WASHINGTON - An Indonesian-born businessman received wire transfers from two Hong Kong companies at the same time he was contributing to President Clinton's re-election campaign, raising the possibility that Chinese money could have ended up in U.S. campaign coffers, Newsweek reported Sunday.
Confidential bank records examined by Newsweek showed that Ted Sioeng received the wire transfers from two holding companies that handled his business in China.
Sioeng's bank account received at least $2.1 million in transfers last year at the time he and his daughter were giving generously to the Democratic National Committee, the magazine said. His lawyer has said Sioeng contributed money from real estate profits and adamantly denies that Sioeng acted as an agent for China.
Investigators for Sen. Fred Thompson's Senate committee could produce no proof that Chinese officials bought influence by illegally funneling money to U.S. campaigns.

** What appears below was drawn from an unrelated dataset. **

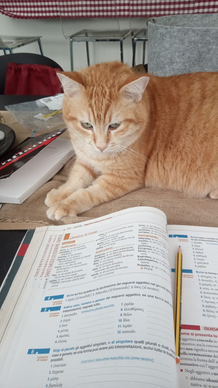 Nelle ultime settimane le cronache dalla Striscia ti facevano così incazzare che – ex pallanuotista prestato alle vasche in piscina e appassionato di surf, del tutto disinteressato alla serie A – in pausa pranzo preferivi leggere le novità dal calciomercato. Poi tornavi alla scrivania e una nuova foto, una nuova testimonianza sul genocidio ti riaccendevano la rabbia. Per chi fa la nostra vita l’assuefazione alla strage quotidiana, alla quotidiana conta dei morti, è un rischio dietro l’angolo. Tu, che le altre notizie dell’ultim’ora tendevi a sminuirle con un “vabbè”, a quello non avevi la minima intenzione di abituarti. L’avevi scritto, parlando d’altro, nel tuo ultimo libro, non a caso un Piccolo manuale per grandi rivoluzioni: “Il futuro appare per tutti sempre più precario, incerto. Se non si parla più di lotta e di conflitto, lotta e conflitto spariscono. Ma lotta e conflitto ci sono, bisogna schierarsi, far credere che non ci siano servi a chi domina. Il vero e ultimo presidio a tutela di diritti e tempi di vita siamo noi. Tutto quello che appartiene alle persone che lavorano è stato conquistato con impegno, determinazione, sacrifici e solidarietà. Mai alcuna gentile concessione”. El pueblo unido…, come ci ricordava ogni giorno la suoneria del tuo cellulare. Buona onda. (Nella foto sotto, il gatto di Mauro che lo assiste nello studio della grammatica greca)

But Sioeng's bank accounts at the Grand National Bank in suburban Los Angeles prompted federal officials to convene a grand jury in Los Angeles to investigate him and other contributors, Newsweek said.
Investigators also are looking into why Sioeng flew Chinese provincial officials to the United States for "training courses" using Chinese money. His name also was mentioned in intercepted Chinese communications in which Beijing officials discuss how to influence U.S. politics, the newsmagazine said.